(Exercise goal) Here the job is to retype the data word for word while leaving the pictures aside.

(Recorded information)
________________
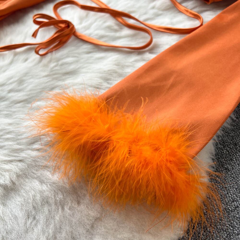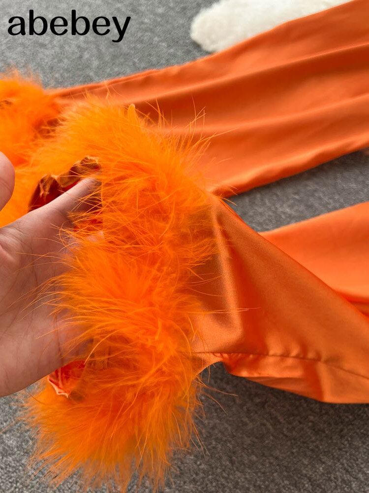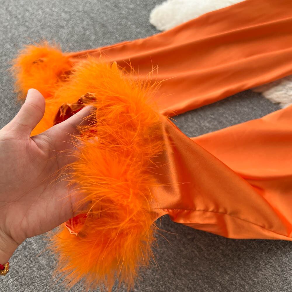 オレンジ女性の夏のシックなスーツセクシーな O ネックショートトップス + ウエストワイドレッグスプリットロングパンツ 2 点セット サマー 夏物 Oネック ワイドパンツ Abe36166617773
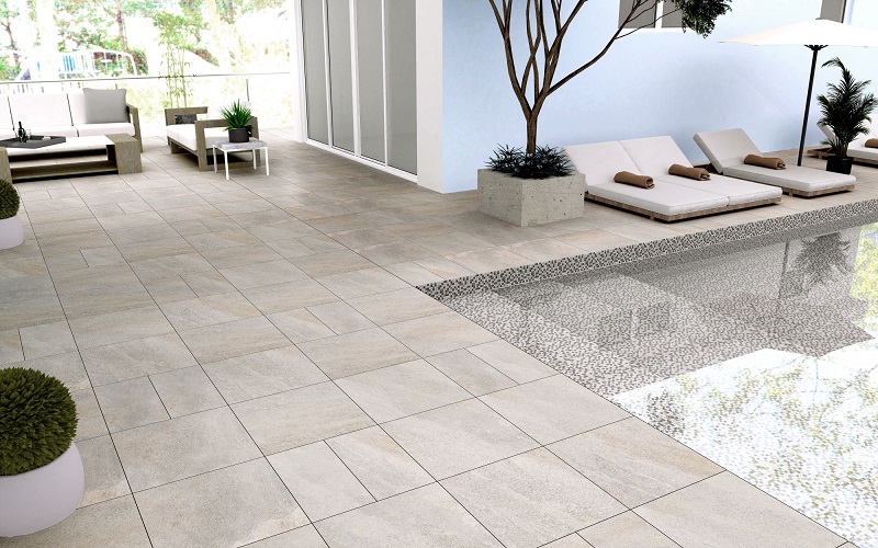 Những sản phẩm gạch lát cho khu vực này phải có độ hút nước thấp, dưới 0,5% để hạn chế được tối đa tình trạng ẩm gạch. Gạch porcelain là dòng gạch thích hợp nhất cho những khu vực ngoài trời. Với độ hút nước thấp cùng độ cứng hoàn hảo, gạch porcelain sẽ là lựa chọn lý tưởng
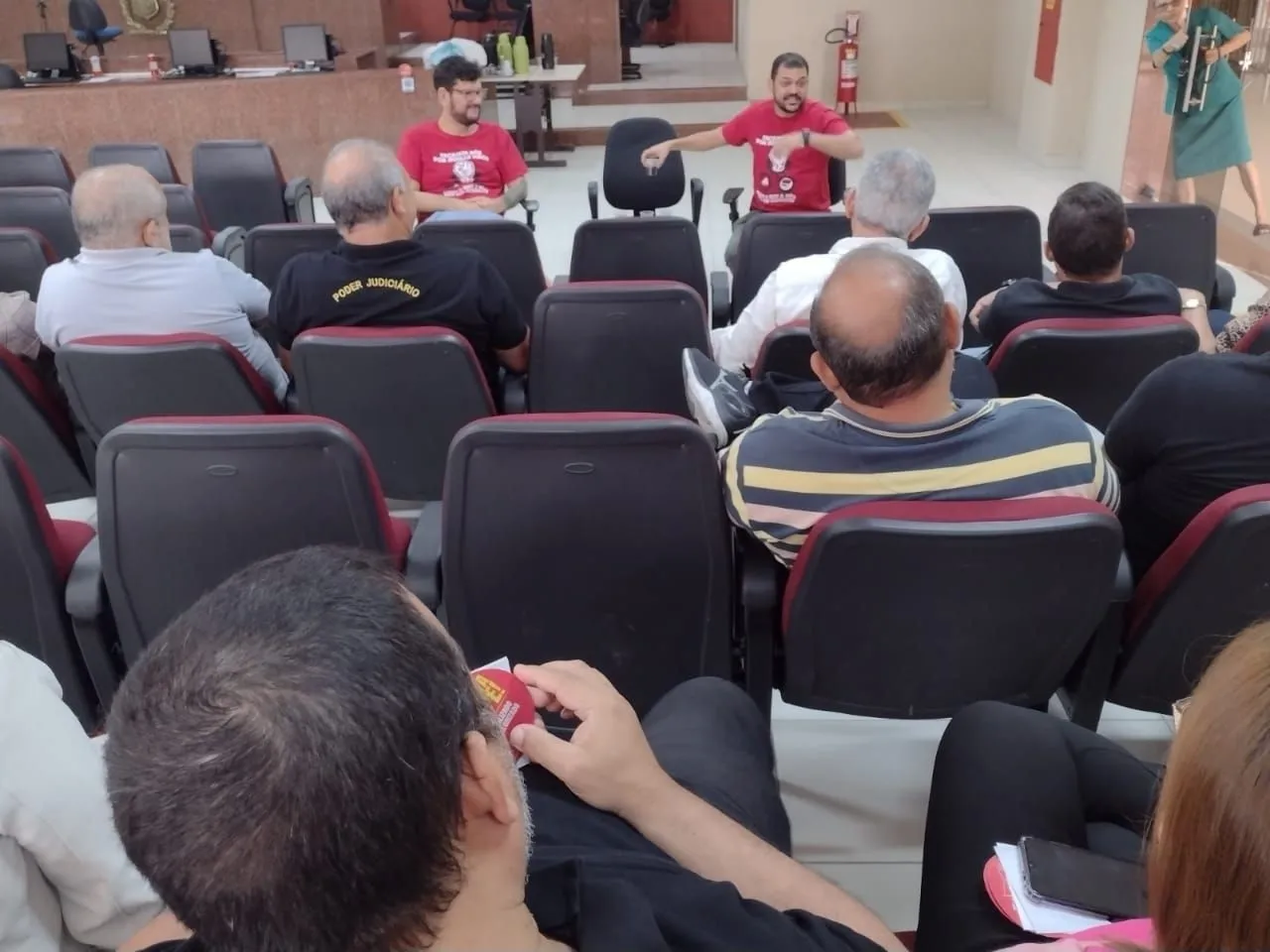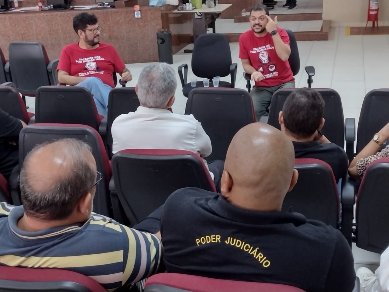 A atividade contou com a presença de Alcides Campelo, Coordenador-Geral do SINDJUD, e Giuseppe Mascena, Coordenador de Administração, que destacaram a relevância da Roda de Diálogos para a construção e efetivação de estratégias e ações de fortalecimento para a campanha salarial deste ano.
________________
(Response to this task)
 オレンジ女性の夏のシックなスーツセクシーな O ネックショートトップス + ウエストワイドレッグスプリットロングパンツ 2 点セット サマー 夏物 Oネック ワイドパンツ Abe36166617773
 Những sản phẩm gạch lát cho khu vực này phải có độ hút nước thấp, dưới 0,5% để hạn chế được tối đa tình trạng ẩm gạch. Gạch porcelain là dòng gạch thích hợp nhất cho những khu vực ngoài trời. Với độ hút nước thấp cùng độ cứng hoàn hảo, gạch porcelain sẽ là lựa chọn lý tưởng
 A atividade contou com a presença de Alcides Campelo, Coordenador-Geral do SINDJUD, e Giuseppe Mascena, Coordenador de Administração, que destacaram a relevância da Roda de Diálogos para a construção e efetivação de estratégias e ações de fortalecimento para a campanha salarial deste ano.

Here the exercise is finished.